Because height is fixed for adults, you lower BMI by lowering weight gradually. A modest, sustained calorie deficit of about 500 calories a day yields roughly one pound of loss per week, and since one BMI point is only about 7-8 pounds for a typical adult, a few months of steady change can move you a full category. Find your maintenance calories with a TDEE calculator, set a target with a calorie calculator, and pair the eating change with regular activity rather than crash dieting.

Is a BMI of 27 bad?

A BMI of 27 falls in the WHO 'overweight' band (25.0 to 29.9), below the obese threshold of 30. On its own it is a prompt to look closer, not a diagnosis - a muscular person can read 27 with low body fat, while someone with little muscle and a large waist at the same BMI carries more risk. Check it alongside waist circumference and overall health rather than treating the number as a verdict.

๐Ÿ’ก Good to know

BMI is a screen, not a diagnosis

Your BMI category is a starting point that flags whether a closer look is worthwhile - it does not, on its own, tell you whether you are healthy. Pair it with waist size, fitness, and a conversation with your clinician before drawing conclusions.

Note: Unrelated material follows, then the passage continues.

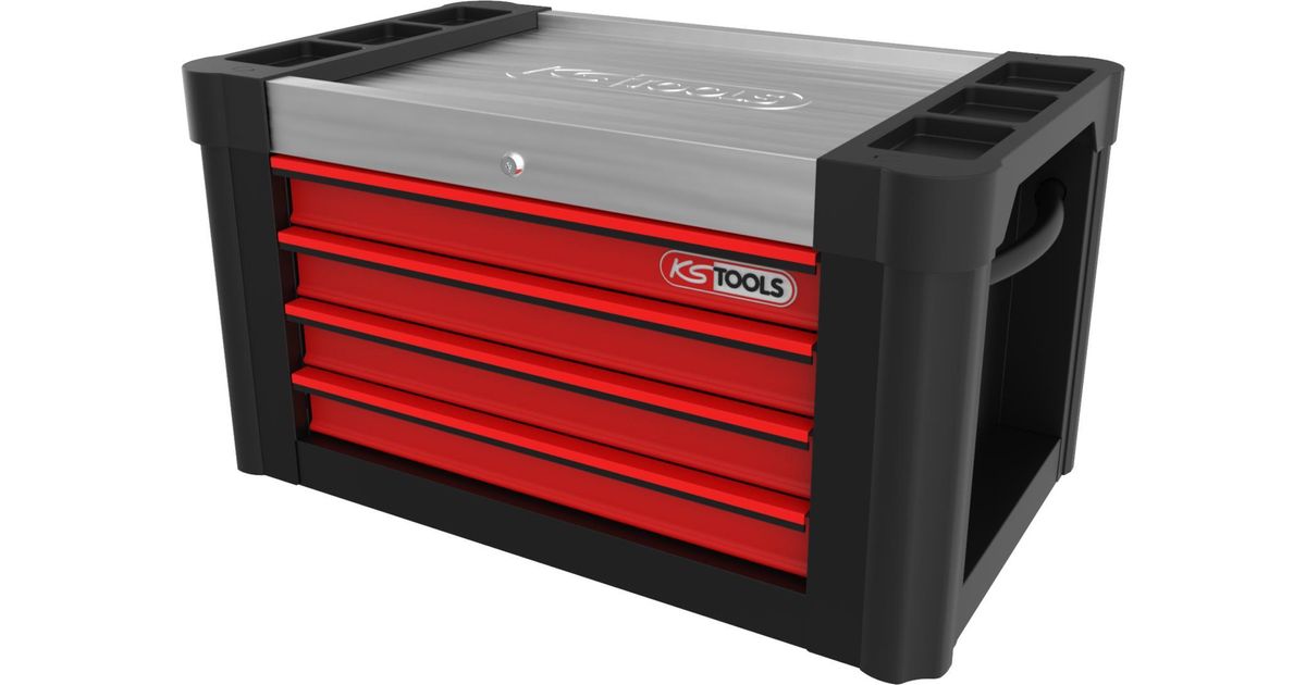 KS TOOLS Werkzeuge-Maschinen GmbH PERFORMANCEplus SCHWARZ/ROT Werkstattwagenaufsatz mit 4 Schubladen (873.0004)

Athletes and very muscular people skew high

Because muscle weighs more than fat, well-trained athletes often land in the "overweight" band despite low body fat. If that is you, body-fat percentage or a waist measurement gives a far more accurate read than BMI.

Aim for the range, not an exact number

Anywhere in the WHO normal band (18.5-24.9) is healthy for most adults. Use the healthy weight range this tool shows as a realistic target, and focus on steady, sustainable changes rather than hitting a single perfect figure.